6 Limit add-on rollback

Another advancedsettings.xml tag that can be used is <packagefoldersize>. Kodi saves old copies of add-ons in case you ever need to revert to a previous version, in case there was a bug in the new version or the user did not like one of the changes. Old add-on packages don't normally take up a lot of space, and the default max size before Kodi starts deleting old packages is 200 megabytes. This setting is mainly to allow a user to increase the number of old versions saved, but it can be used to lower them.


Since this only saves 200MBs of data, it is generally not needed to change this setting.

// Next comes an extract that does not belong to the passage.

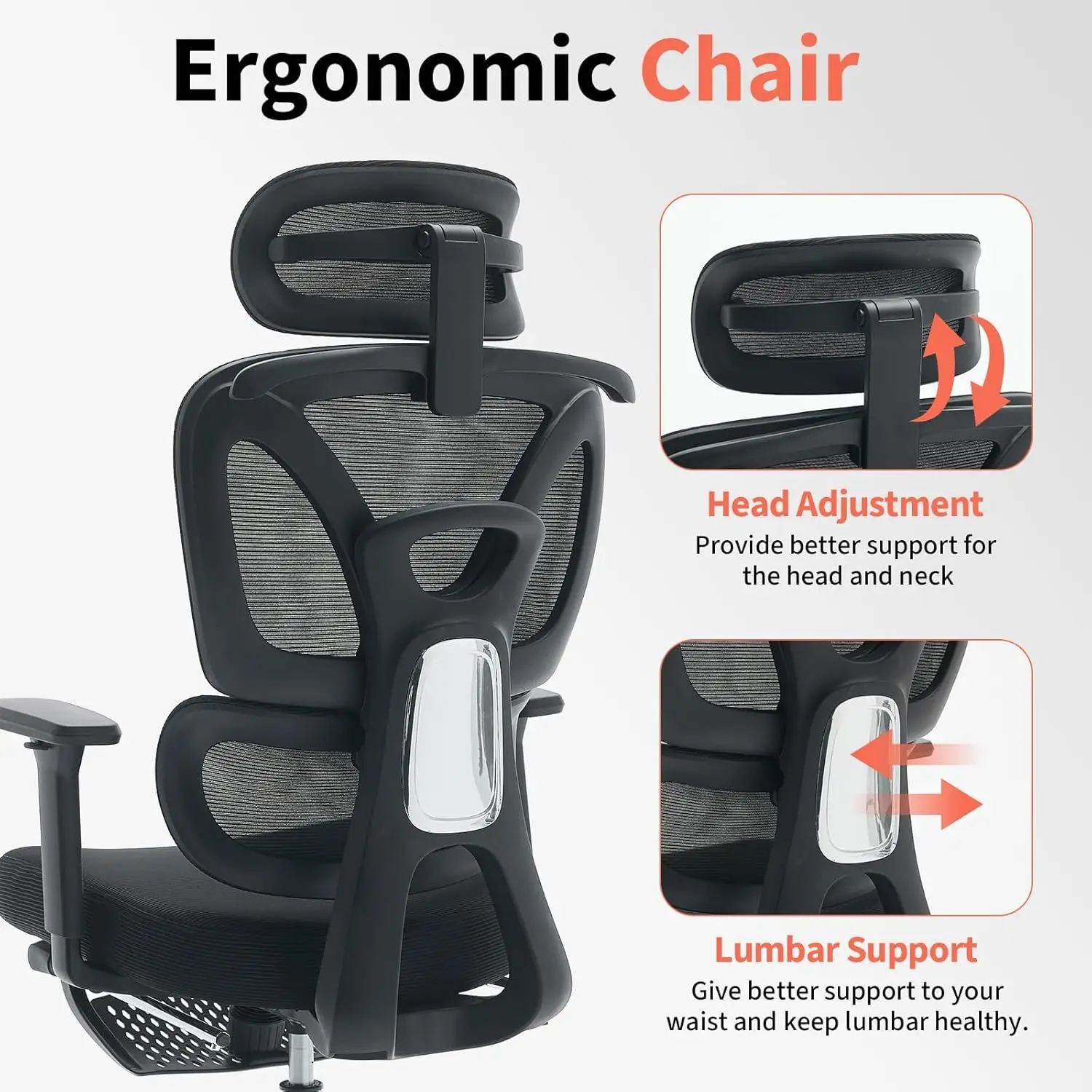 1.Ergonomic Design for All-Day Comfort: This high back mesh chair features adjustable headrest and dynamic lumbar support, perfectly aligning your spine to reduce neck, shoulder and lower back strain during long work hours.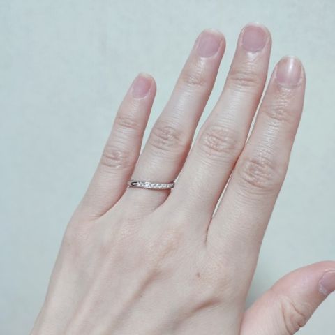 ウェーブタイプで指が綺麗に見えて長く見えるのが決めて手でした!ウェーブタイプも色々あって悩みました。ダイヤモンドの配置で見え方もすごく変わりますし、ストレートタイプとウェーブタイプのいいとこ取りの指輪もあったりと悩みましたが見え方重視でこちらを選びました!

If you have not made an advancedsettings.xml file before, see the example in the above section #Limit the size of cached images. Note: If you have an existing advancedsettings.xml file, make sure the <packagefoldersize></packagefoldersize> tags are between the main <advancedsettings></advancedsettings> tags.

<advancedsettings>
  <packagefoldersize>200</packagefoldersize> <!-- The amount in megabytes of packages saved from previous add-on installs. -->
</advancedsettings>

7 Android: moving all settings to another drive/location

Kodi for Android devices can move all of the settings and userdata files from their default location to another drive or even a network share. This is great for devices that have a limited amount of internal memory, but have an SD card slot or USB drive available.